───── INPUT DATA ─────

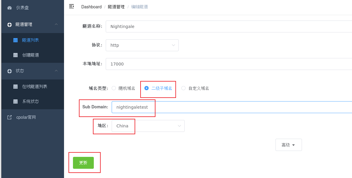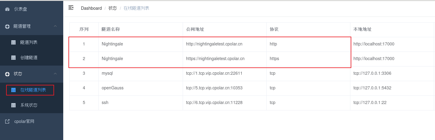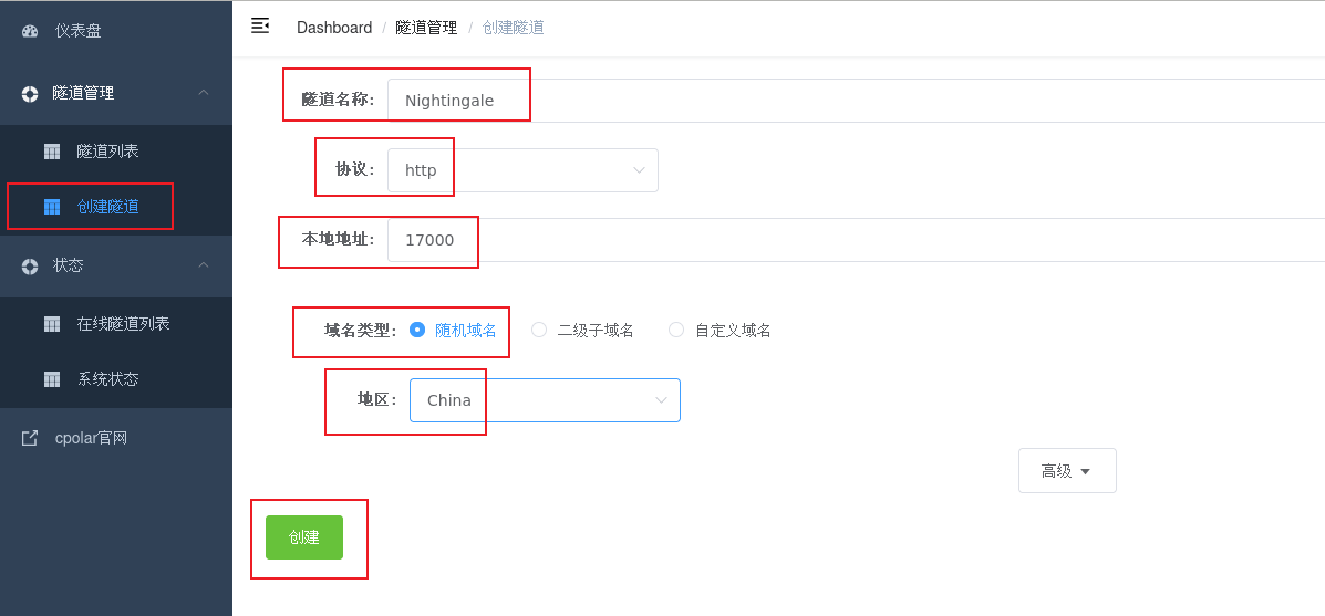 点击左侧仪表盘的隧道管理——创建隧道,创建一个Nightingale的cpolar隧道!
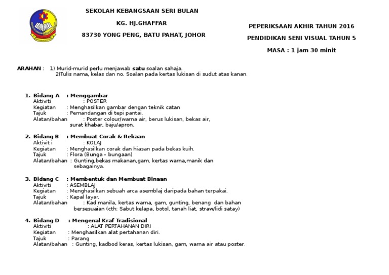 Himpunan soalan peperiksaan akhir tahun 2018 darjah 5 semua subjek ini merupakan hasil carian kami di website pendidikan sistem guru online. Soalan peperiksaan akhir tahun 2018 darjah 5 subjek pendidikan kesihatan ini satu perkongsian dari cikguayu bagi meringankan beban para guru membuat set soalan peperiksaan akhir tahun atau latihan untuk murid. For more information and source, see on this link : Latihan soalan online matematik tahun 5 (1) latihan soalan online matematik tahun 5 (2) latihan soalan online matematik tahun 5 (3) latihan soalan online matematik tahun 5 (4). Sains tahun 1 pksr 1 kertas 2 2017 via www.slideshare.net.
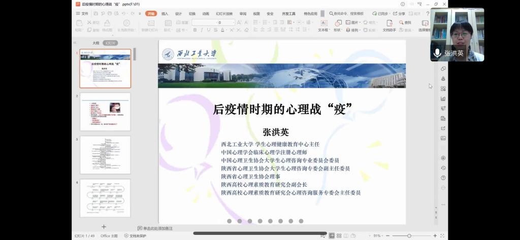 2020年4月24日,开云kaiyun官网举办2019-2020学年第二学期心理委员培训会,活动邀请西北工业大学学生心理健康教育中心主任张洪英副教授作了题为《后疫情时期的心理战‘疫’》专题报告,机电学院各年级辅导员以及心理委员参加了本次活动,活动由学院心理辅导员秦方刚主持。
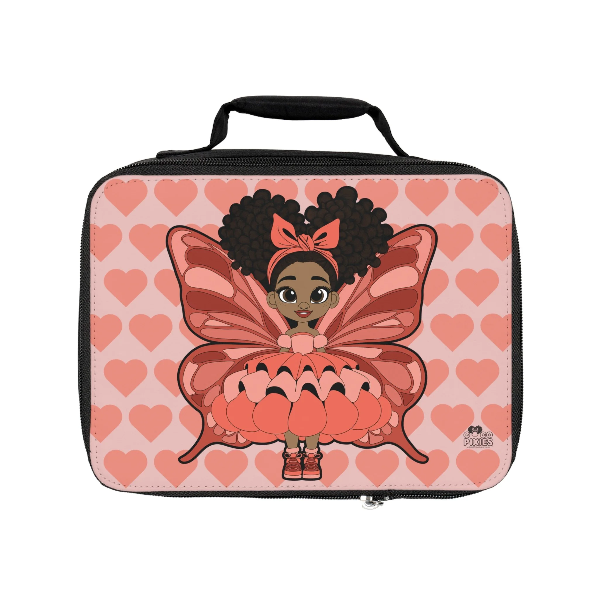 Lovely Layla brings sweetness with confidence in this Coco Pixies lunch bag designed to turn everyday meals into a statement. Dressed in soft pink tones, signature heart patterns, and layered pixie wings, Lovely Layla pairs charm with self-assured style. This insulated lunch bag blends playful design with practical function, making it a standout accessory for school days, outings, or on-the-go moments that deserve a little extra flair.
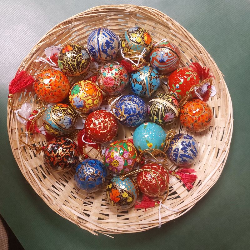 Deze kerstballen uit India, gemaakt van papier-maché, zijn leuk voor in de boom, voor aan een kersttak of om een kerstcadeau extra feestelijk mee te versieren. Naast deze kleurrijke ballen, hebben we nog veel meer kersthangers in alle vormen, maten en kleuren ingekocht.
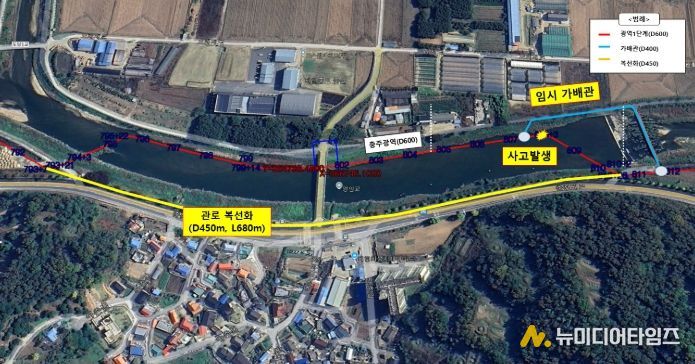 한국수자원공사는 기존 누수 관로에 대한 보강 설계를 마친 상태이며, 10월 중 가배관 철거 등 복구 작업을 완료할 예정이다.
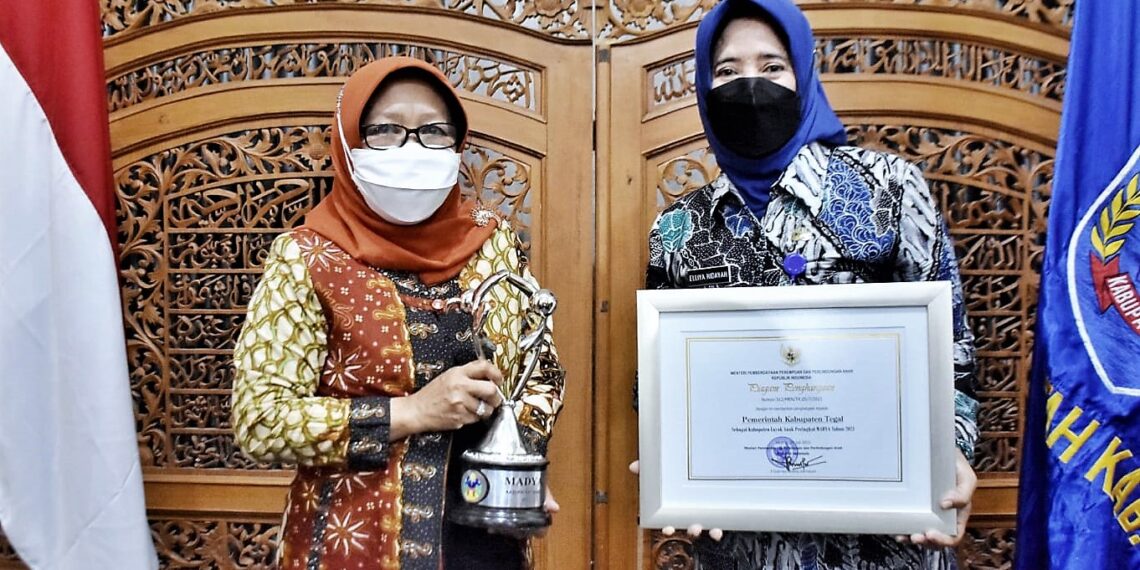 Slawi – Dinilai berhasil dalam menerapkan dan melaksanakan kebijakan pengarusutamaan gender, pemberdayaan perempuan, perlindungan anak, dan pemenuhan hak anak, Kabupaten Tegal kembali menerima penghargaan Anugerah Parahita Ekapraya (APE) Tahun 2020 tingkat madya dari Kementerian Pemberdayaan Perempuan dan Perlindungan Anak (PPPA).
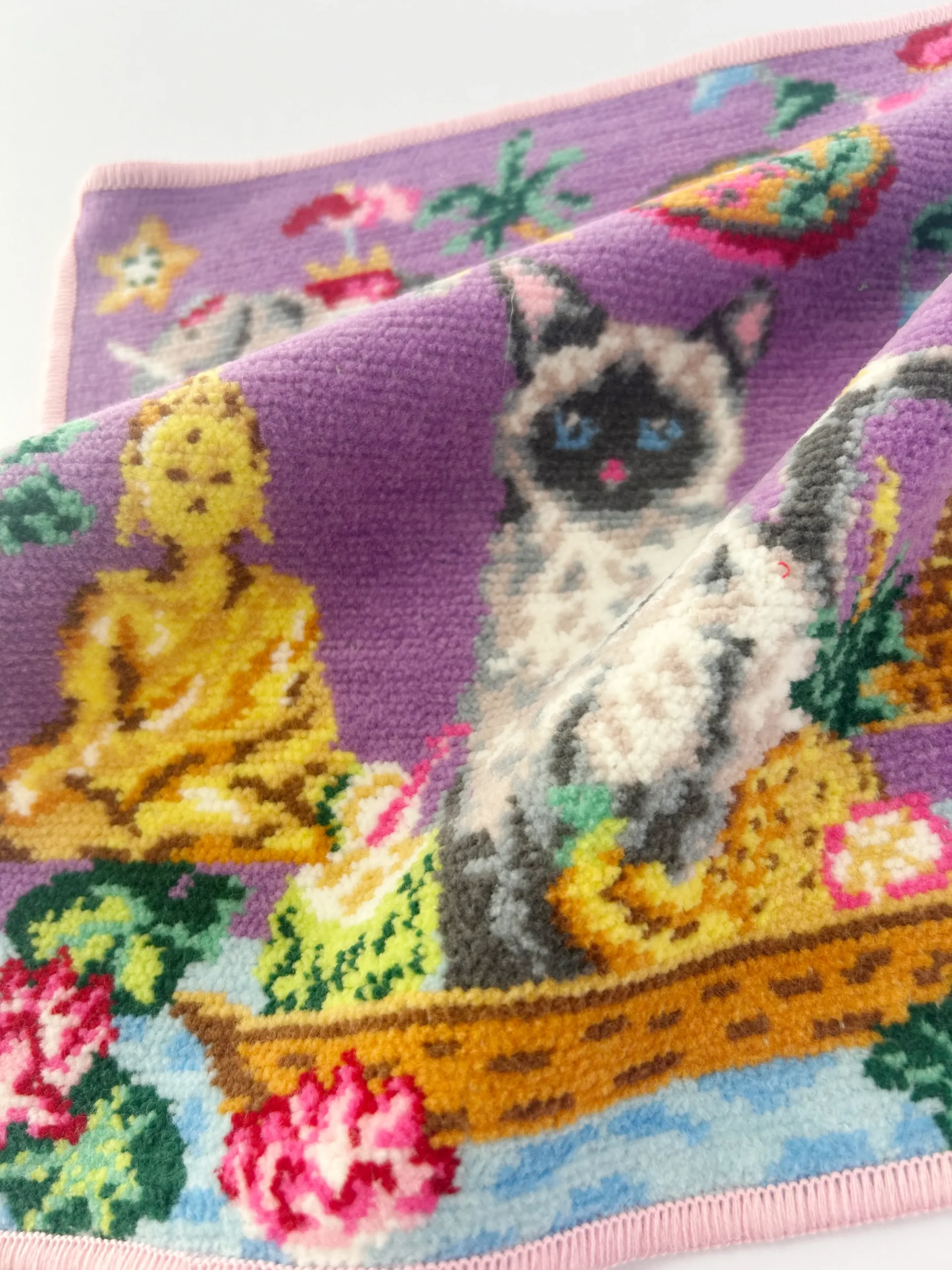 小舟に乗ってるブルーの瞳の神秘的なシャム
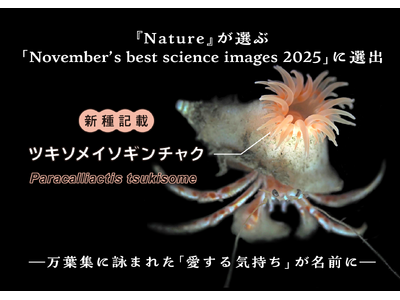 選出された映像は、吉川准教授らが2025年10月に新種として発表したツキソメイソギンチャクの映像です。このイソギンチャクは、深海にてヤドカリが使っている貝殻の上で暮らしており、そのヤドカリの「宿」となる構造物を作るという驚くべき代謝能力を持っています。さらには、自然下ではアカモントゲヤドカリが使っている貝殻の上からしか発見されておらず、特定のヤドカリととても強い共生関係を築いています。
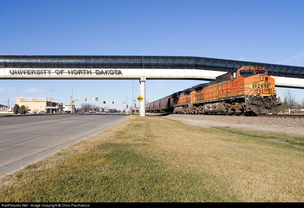 Fighting Sioux! (<-I guess I'll have to remove that in 3 years when UND loses their mascot, but until then...). A southbound unit grain train rolls under the University of North Dakota's Hamster Tube on a warm (60F) and pleasant afternoon. Learn more at Grand Forks Railfanning.
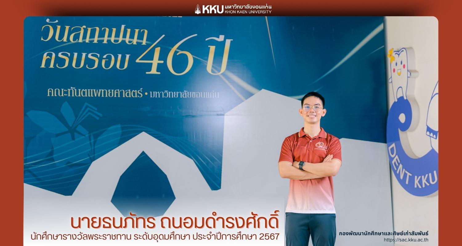 มหาวิทยาลัยขอนแก่น ขอแสดงความยินดีกับ นายธนภัทร ถนอมดำรงศักดิ์ ว่าที่บัณฑิตจากคณะทันตแพทยศาสตร์ ในโอกาสได้รับคัดเลือกให้เป็น “นักศึกษารางวัลพระราชทาน ระดับอุดมศึกษา ประจำปีการศึกษา 2567” (ตามประกาศของกระทรวงศึกษาธิการ ณ วันที่ 30 กรกฎาคม 2568) ซึ่งนับเป็นเกียรติประวัติสูงสุดของนักศึกษา และสร้างความภาคภูมิใจให้แก่มหาวิทยาลัยขอนแก่นเป็นอย่างยิ่ง เบื้องหลังความสำเร็จนี้ คือเรื่องราวของความมุ่งมั่น การบริหารจัดการเวลา และหัวใจที่เปี่ยมด้วยปณิธานในการอุทิศตนเพื่อสังคม
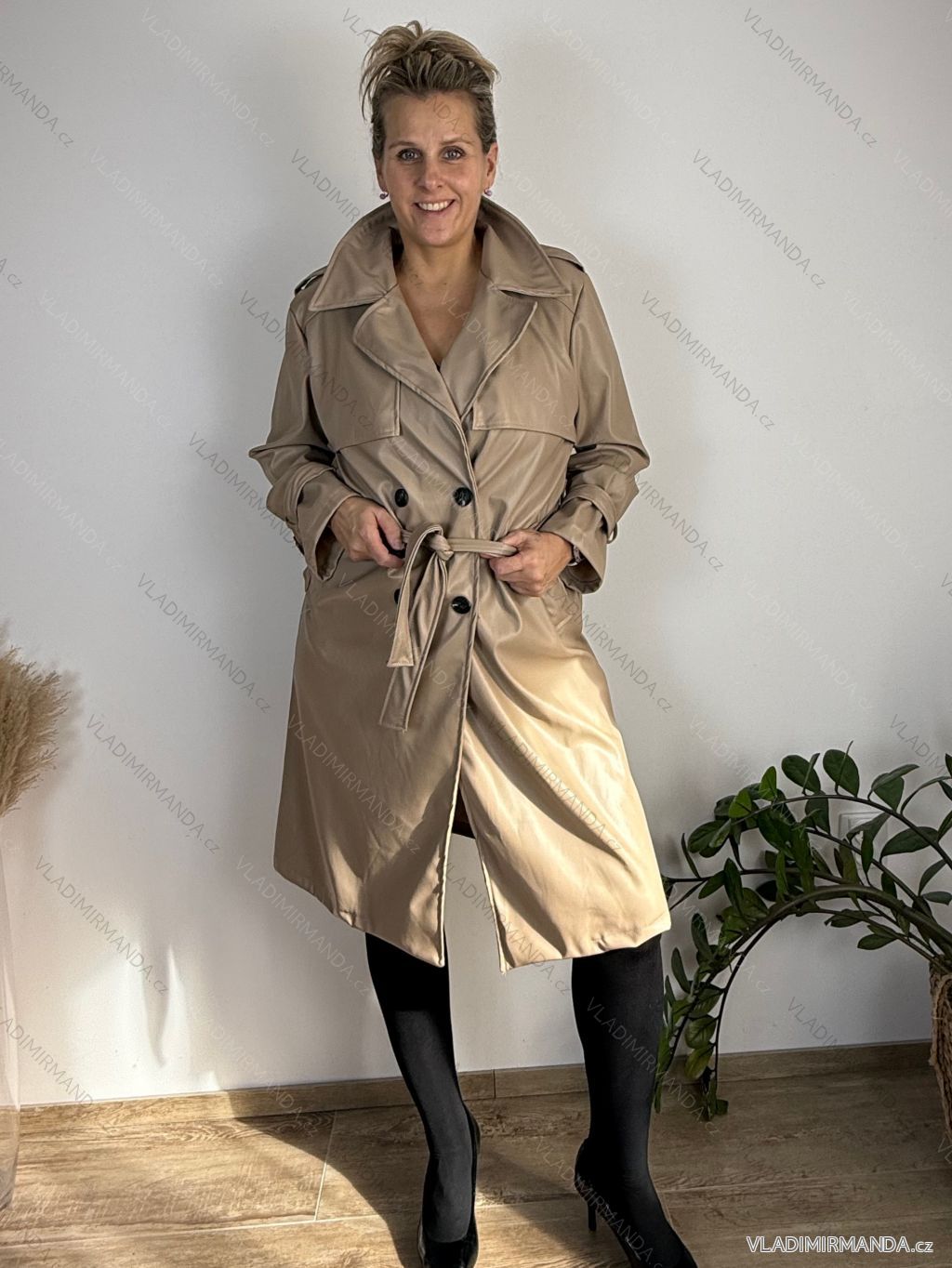Kabát koženkový s opaskom dlhý rukáv dámsky GITA (M/L/XL ONE SIZE) TALIANSKA MÓDA IMWCA2824
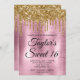 Gold Dripping Glitter Light Pink Foil Sweet 16 Invitation
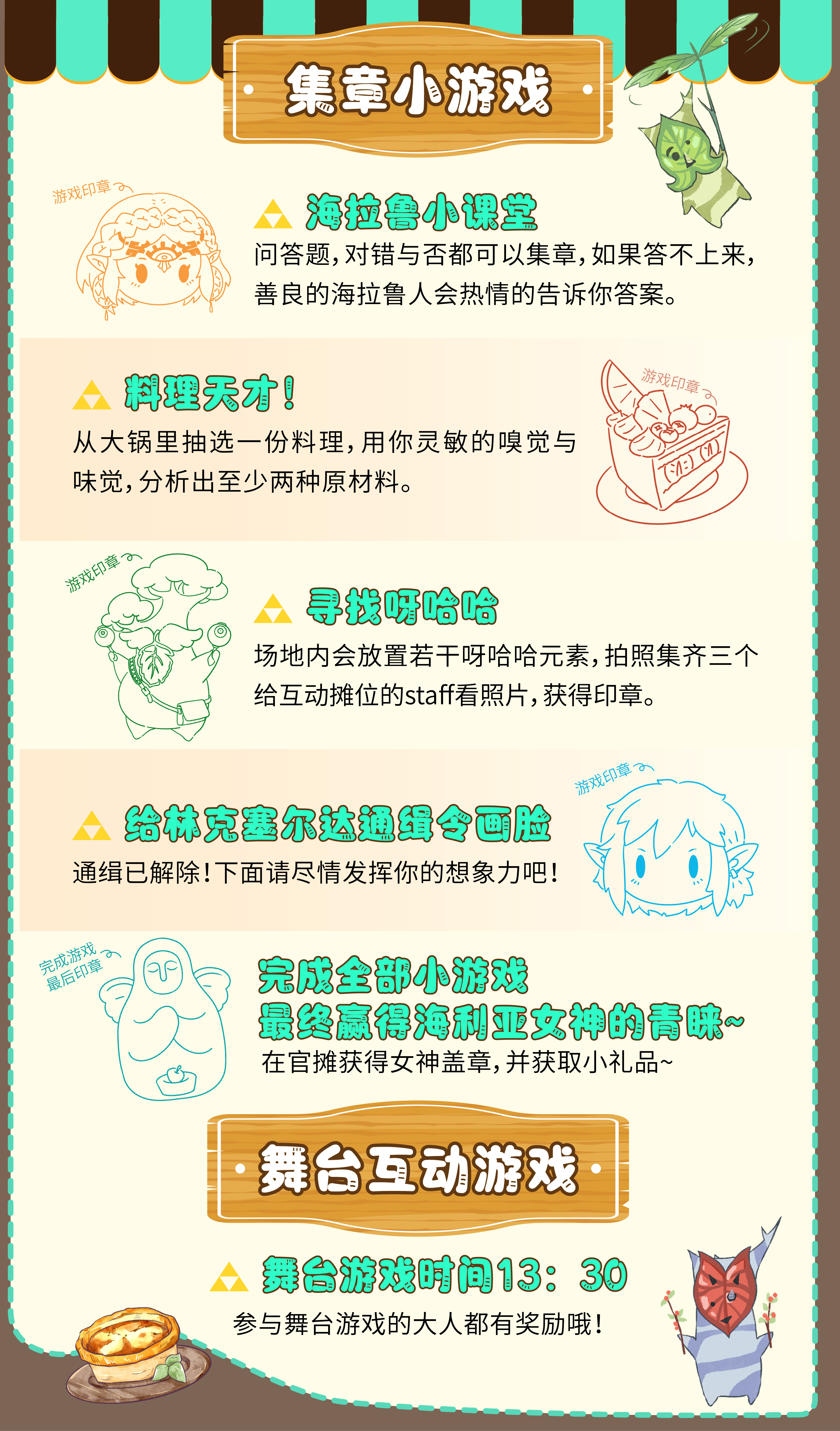 我们为各位大人准备了:甜品饮料、集章小游戏、打卡集邮、NPC互动...
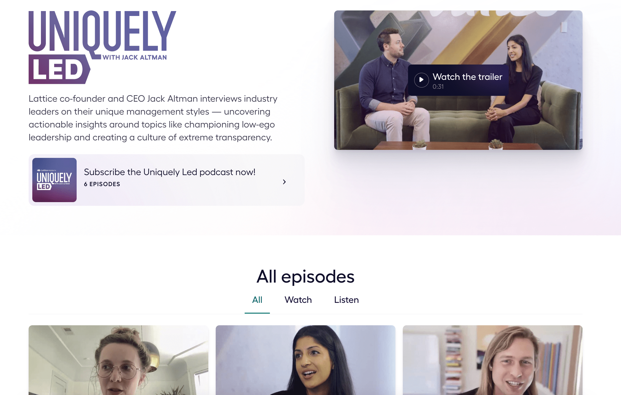 Lattice has another podcast series hosted by Katelin Holloway who talks to CEOs, founders, and leaders about the importance of people management and how people's success is company success.
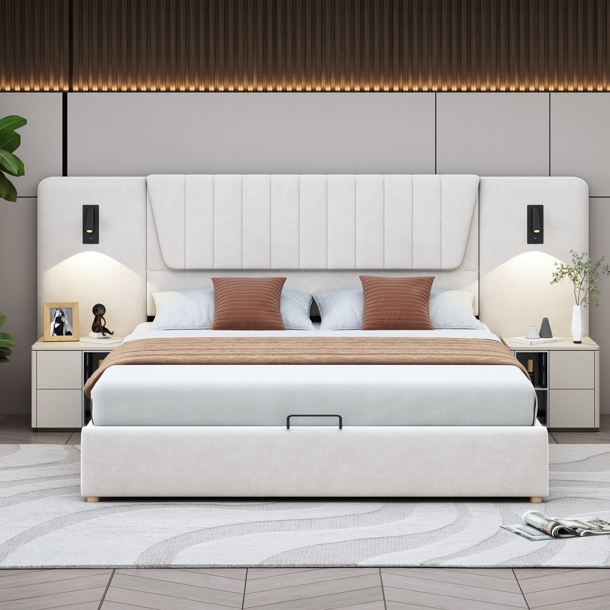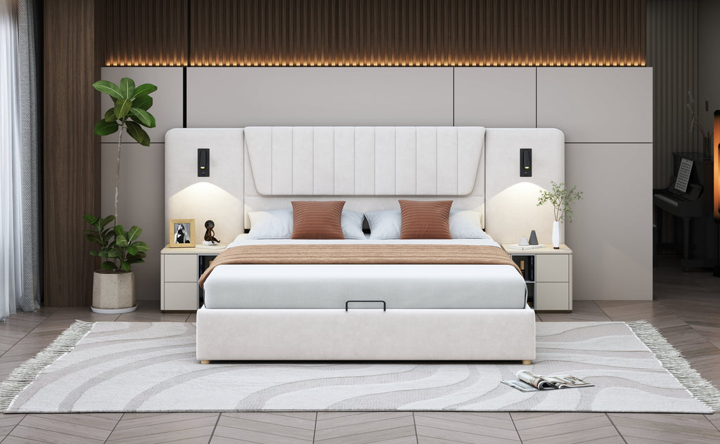 Upholstered Bed, 180*200cm, Extra-Long Backrest, Reading Lamp, USB Port, Hydraulic Storage, Beige Velvet

─────

## WORK INSTRUCTION
Starting at the line that holds "ณ วันที่ 30", print each line through the last one of the entries above, exactly and with both ends included; no pictures.

## WRITTEN RESPONSE
 มหาวิทยาลัยขอนแก่น ขอแสดงความยินดีกับ นายธนภัทร ถนอมดำรงศักดิ์ ว่าที่บัณฑิตจากคณะทันตแพทยศาสตร์ ในโอกาสได้รับคัดเลือกให้เป็น “นักศึกษารางวัลพระราชทาน ระดับอุดมศึกษา ประจำปีการศึกษา 2567” (ตามประกาศของกระทรวงศึกษาธิการ ณ วันที่ 30 กรกฎาคม 2568) ซึ่งนับเป็นเกียรติประวัติสูงสุดของนักศึกษา และสร้างความภาคภูมิใจให้แก่มหาวิทยาลัยขอนแก่นเป็นอย่างยิ่ง เบื้องหลังความสำเร็จนี้ คือเรื่องราวของความมุ่งมั่น การบริหารจัดการเวลา และหัวใจที่เปี่ยมด้วยปณิธานในการอุทิศตนเพื่อสังคม
Kabát koženkový s opaskom dlhý rukáv dámsky GITA (M/L/XL ONE SIZE) TALIANSKA MÓDA IMWCA2824
 Gold Dripping Glitter Light Pink Foil Sweet 16 Invitation
 我们为各位大人准备了:甜品饮料、集章小游戏、打卡集邮、NPC互动...
 Lattice has another podcast series hosted by Katelin Holloway who talks to CEOs, founders, and leaders about the importance of people management and how people's success is company success.
 Upholstered Bed, 180*200cm, Extra-Long Backrest, Reading Lamp, USB Port, Hydraulic Storage, Beige Velvet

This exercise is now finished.